* [YOUR ASSIGNMENT]:
Reproduce the lines below exactly. Begin with the first, end with the line containing "St. Patrick's Day themed", and leave out the pictures.

BEGIN

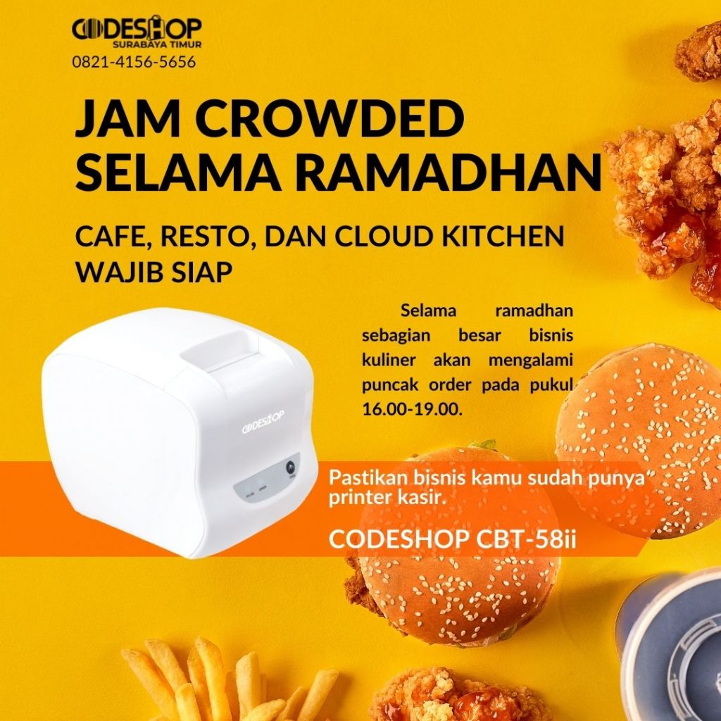 Codeshop – Hi Sobat Bisnis Codeshop. Menjelang bulan ramdhan, sudah mulai terlihat banyak selaki promo, iklan dan program khusus ramdhan yang bertebaran di sekitar kita. Membahas tentang ramadhan tentu tak lepas lengkap jika tak membahas kuliner. Namun pada kesempatan kali ini Codeshop akan mengulas mengenai printer kasir pada bisnis kuliner, lebih tepatnya mengenai tips printer kasir tunjang omzet cloud kitchen selama ramadhan.
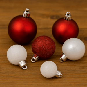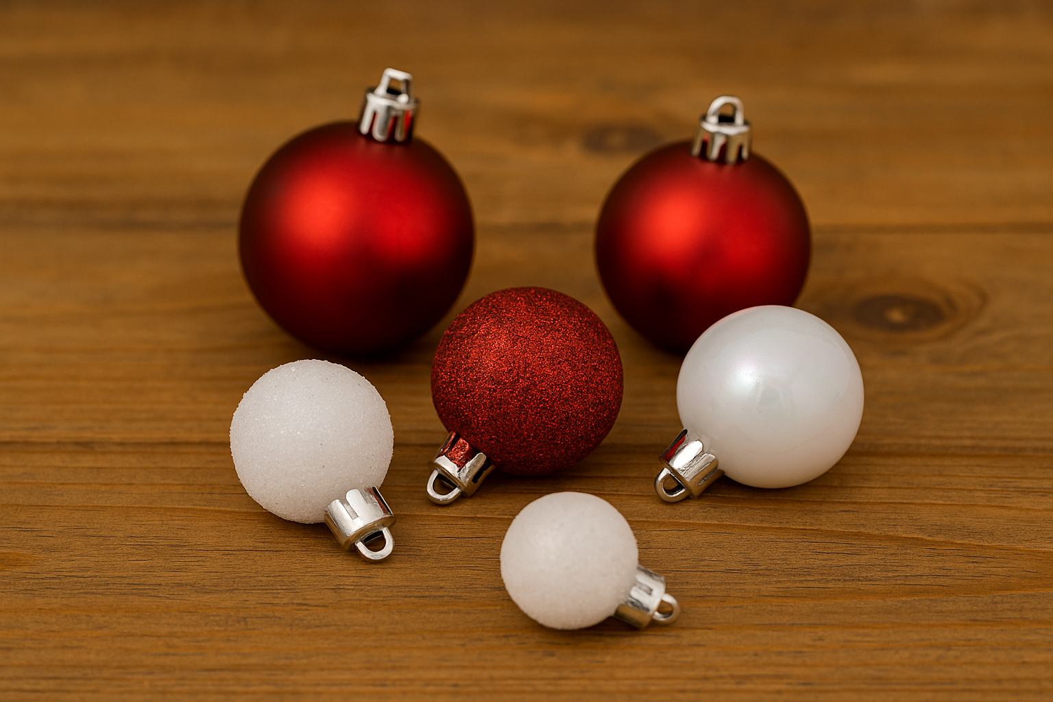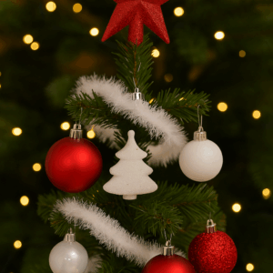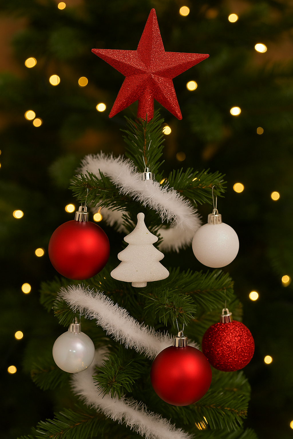 Set complet de decoratiuni pentru bradul de Craciun in nuante clasice de rosu si alb. Include globuri in doua dimensiuni, ghirlanda stralucitoare, varf de brad elegant si figurine suspendate, pentru un aspect festiv echilibrat si rafinat. Perfect pentru a crea o atmosfera calda si traditionala in timpul sarbatorilor.
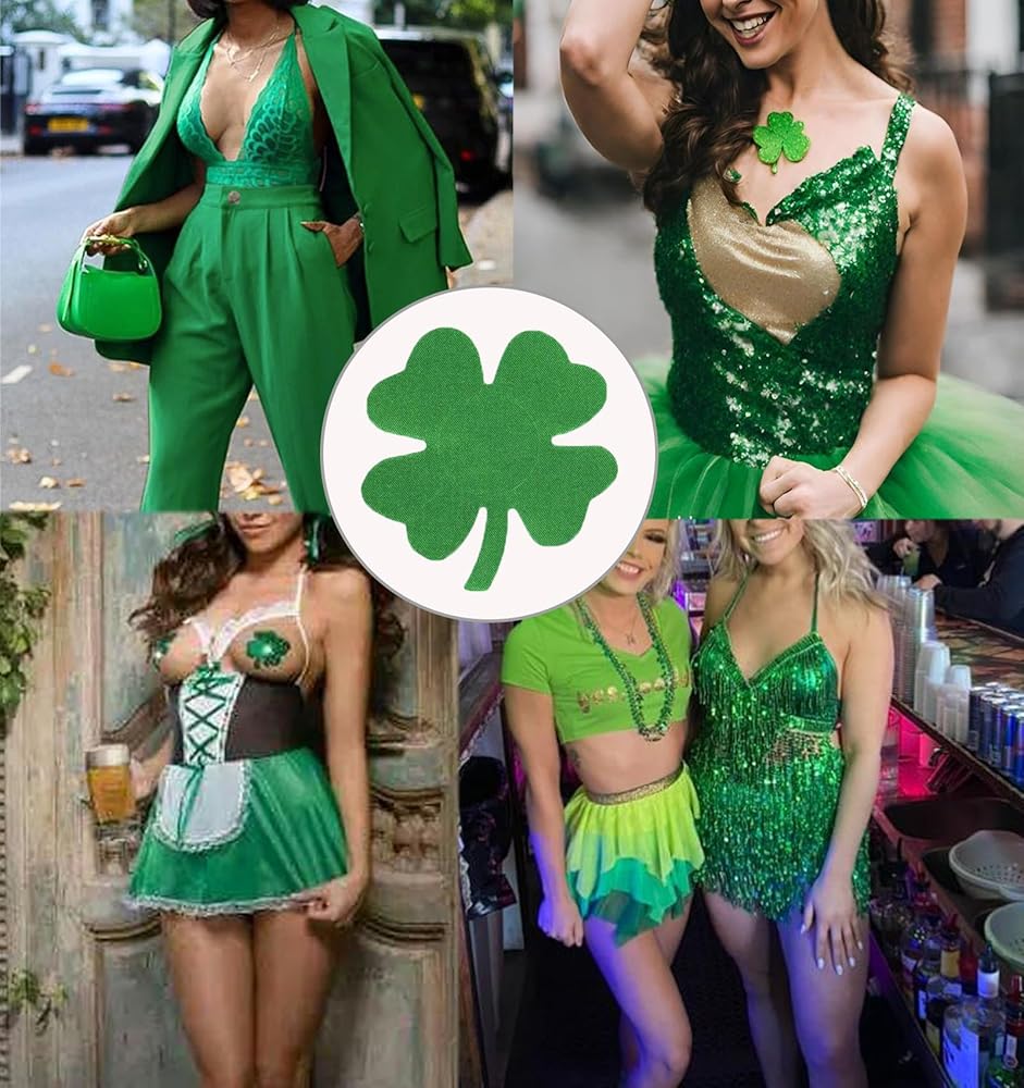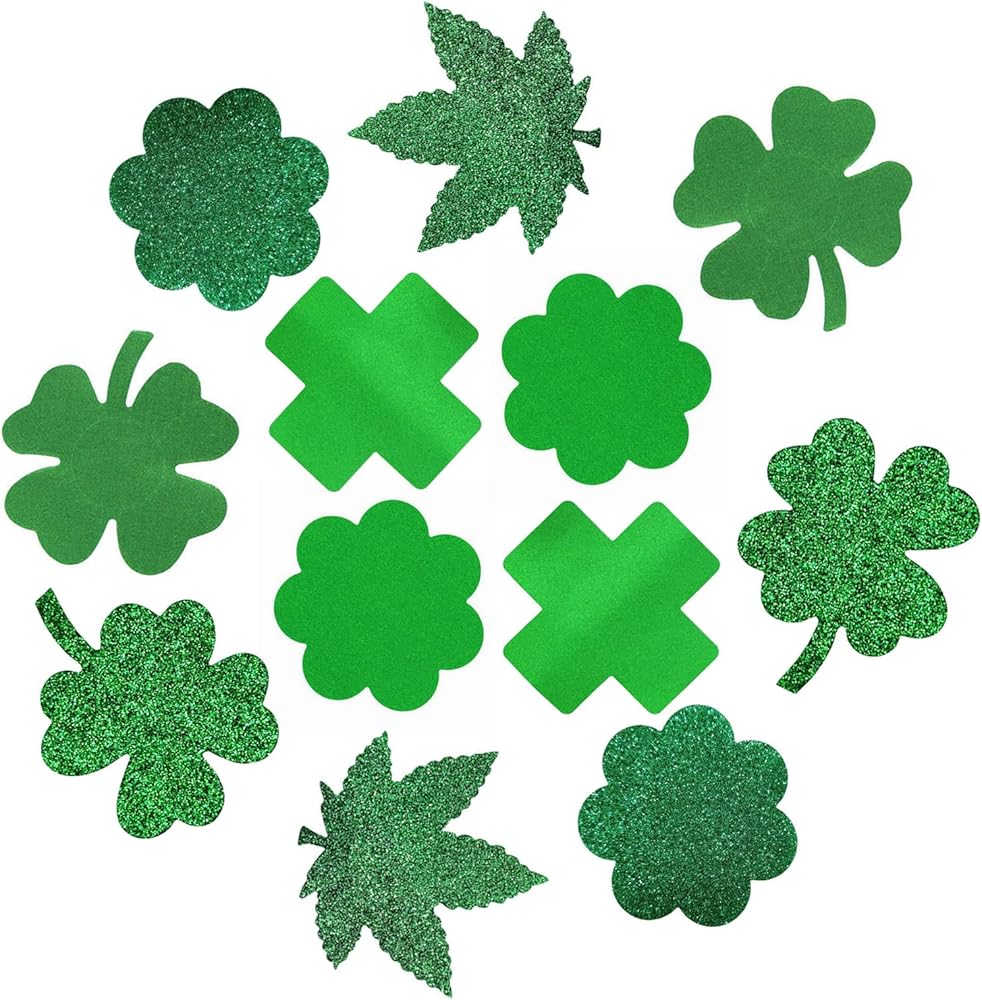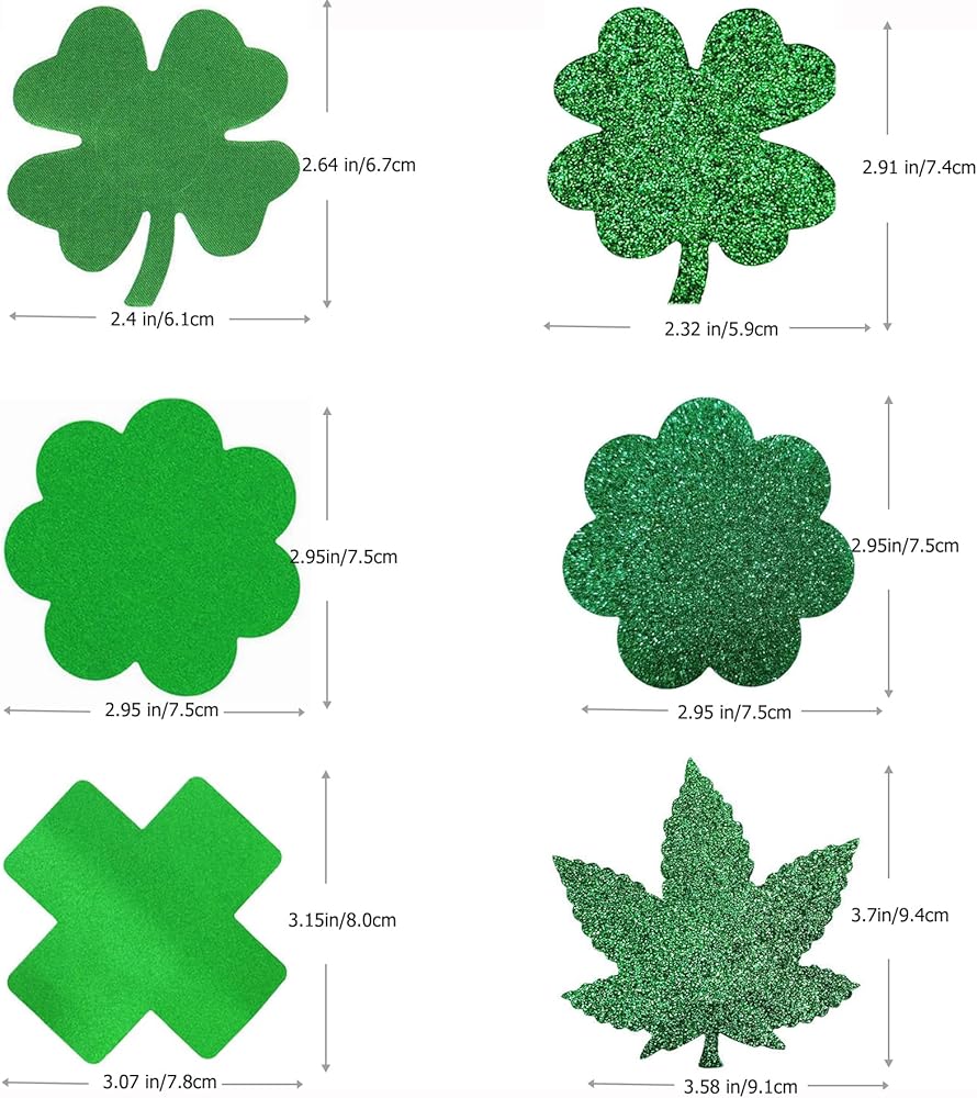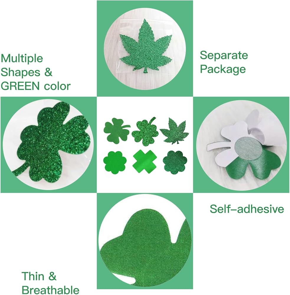 St. Patrick's Day themed cute shapes: Lunedear nipple covers includes 6 pairs of GREEN nipple covers in multiple shapes(clovers and leaves shapes); each one has individual package, ideal accessories for your St. Patrick's Day costume, enhance festival atmosphere;
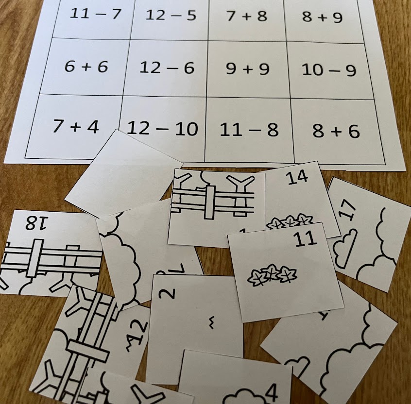 Karta obsahuje pomíchané kartičky. Žáci nechají vcelku kartu s příklady (mohou si je do sešitu opsat), dolní část nastříhají na kartičky (obrázek s výsledkem). Ty lepí na daný příklad.
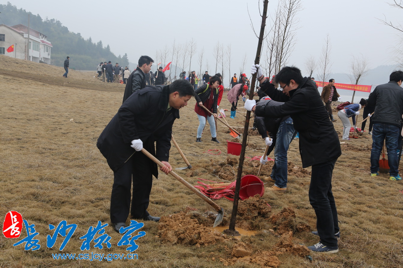 2014年3月13日,市检察院20名志愿者,前往浏阳市焦溪乡万丰湖畔,参加市直机关工委组织的义务植树活动。
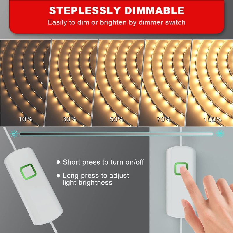 - Dimmable and Memory Function: The 12v led lights strip works with unique designed dimmer, long press dimmer to adjust light brightness (dim to bright), short press to turn on or off, and the smart led strip lights is also with memory function, which can restore to its last time color brightness to save your time effectively
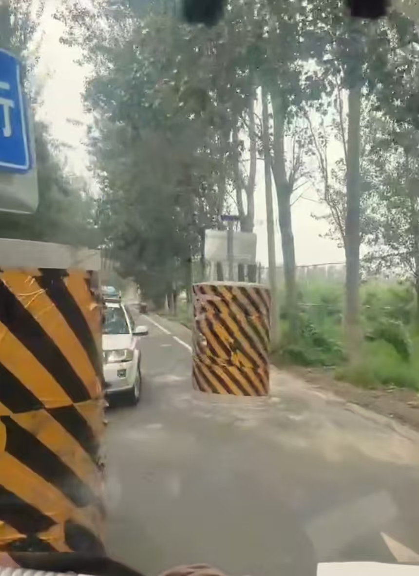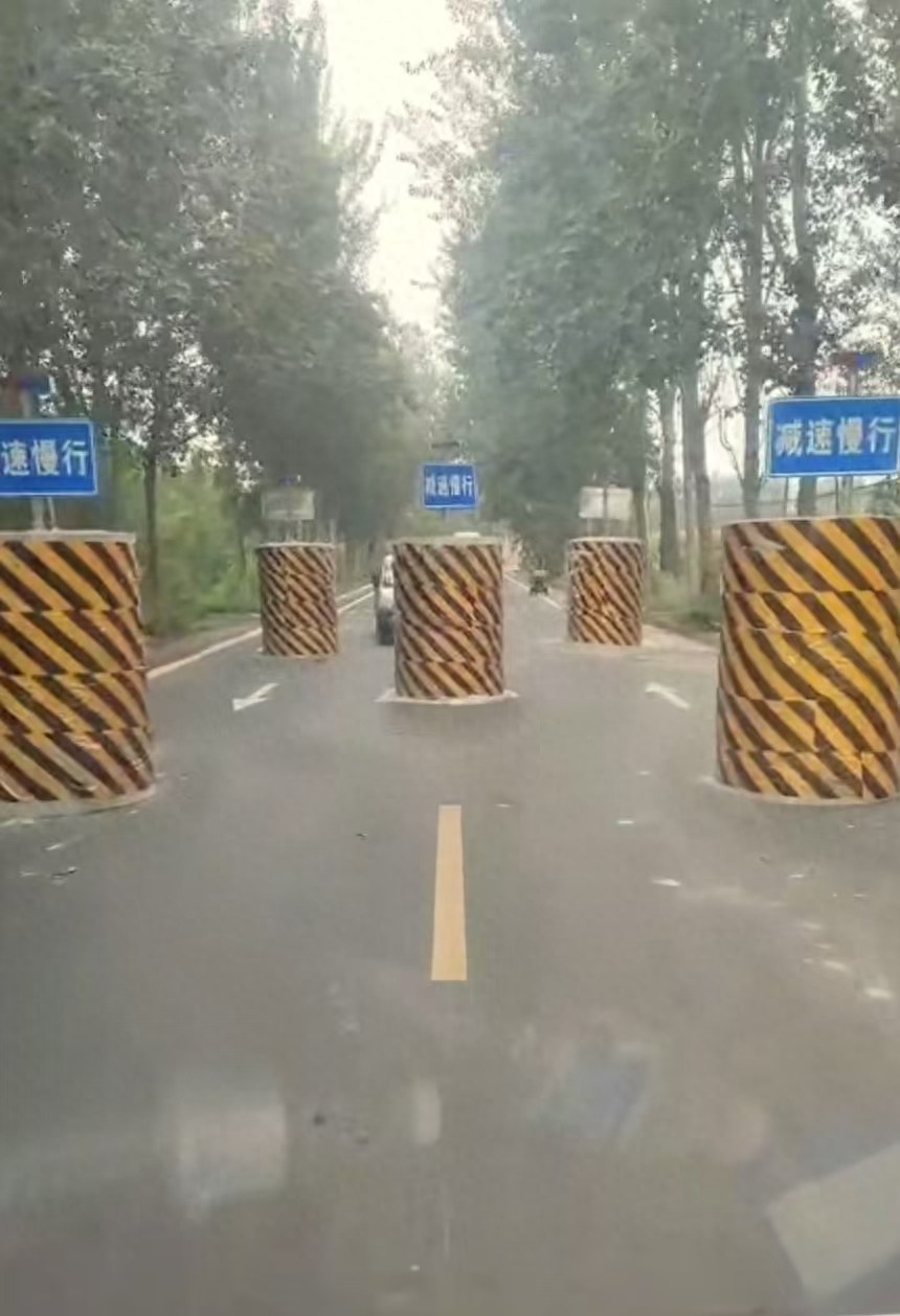 多个视频显示,在廊坊葛渔城镇一道路,出现数个粗壮高大的路障,并标有“减速慢行”字样,有网友驾驶小型车辆缓慢绕桩通过。有网友称,该路障位于廊坊葛渔城镇一乡镇道路。
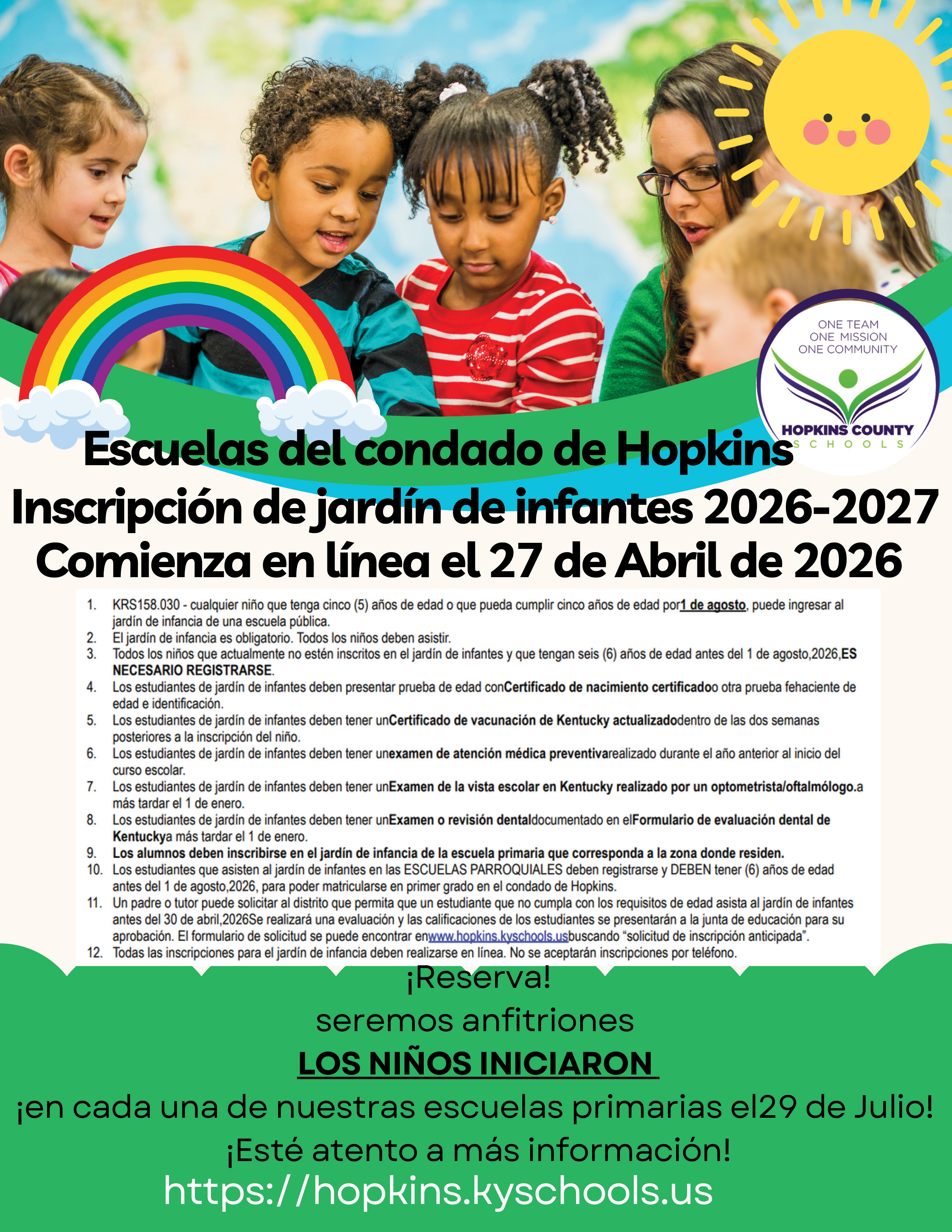 Hopkins County Schools Kindergarten Registration for 2026-2027 begins online on Monday, April 27, 2026. See additional information below.
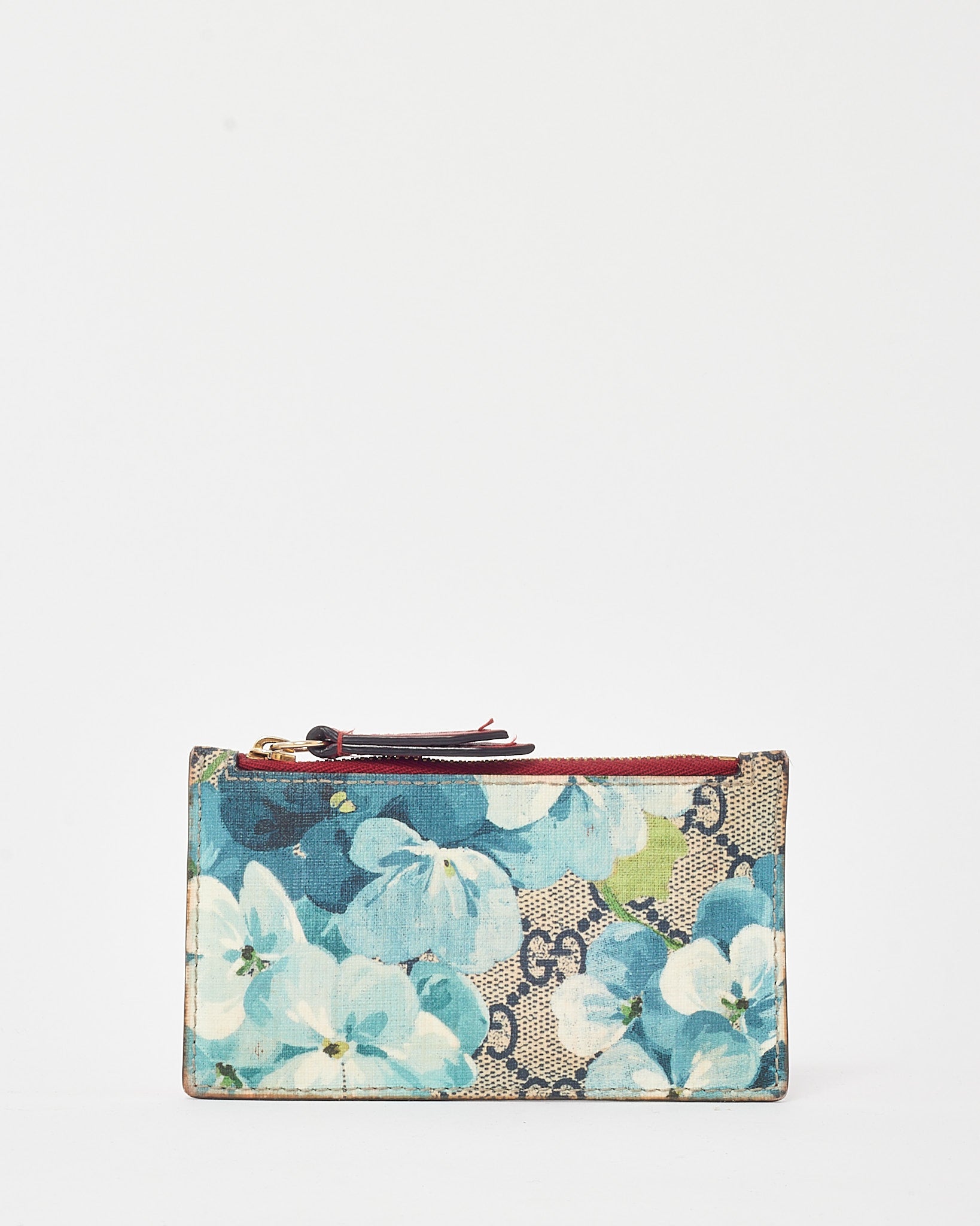 Brighten your everyday carry with this pre-loved authentic Gucci Red GG Supreme Monogram Blooms Coated Canvas Card Case. Featuring the house’s signature GG Supreme canvas adorned with a vibrant red floral Blooms print, this compact accessory is both eye-catching and functional. Trimmed with red leather and designed with multiple card slots and a central slip pocket, it keeps your essentials organized in sleek style. Perfectly petite, it slips effortlessly into any handbag while adding a romantic, signature Gucci touch.

END

* [TASK RESPONSE]:
 Codeshop – Hi Sobat Bisnis Codeshop. Menjelang bulan ramdhan, sudah mulai terlihat banyak selaki promo, iklan dan program khusus ramdhan yang bertebaran di sekitar kita. Membahas tentang ramadhan tentu tak lepas lengkap jika tak membahas kuliner. Namun pada kesempatan kali ini Codeshop akan mengulas mengenai printer kasir pada bisnis kuliner, lebih tepatnya mengenai tips printer kasir tunjang omzet cloud kitchen selama ramadhan.
 Set complet de decoratiuni pentru bradul de Craciun in nuante clasice de rosu si alb. Include globuri in doua dimensiuni, ghirlanda stralucitoare, varf de brad elegant si figurine suspendate, pentru un aspect festiv echilibrat si rafinat. Perfect pentru a crea o atmosfera calda si traditionala in timpul sarbatorilor.
 St. Patrick's Day themed cute shapes: Lunedear nipple covers includes 6 pairs of GREEN nipple covers in multiple shapes(clovers and leaves shapes); each one has individual package, ideal accessories for your St. Patrick's Day costume, enhance festival atmosphere;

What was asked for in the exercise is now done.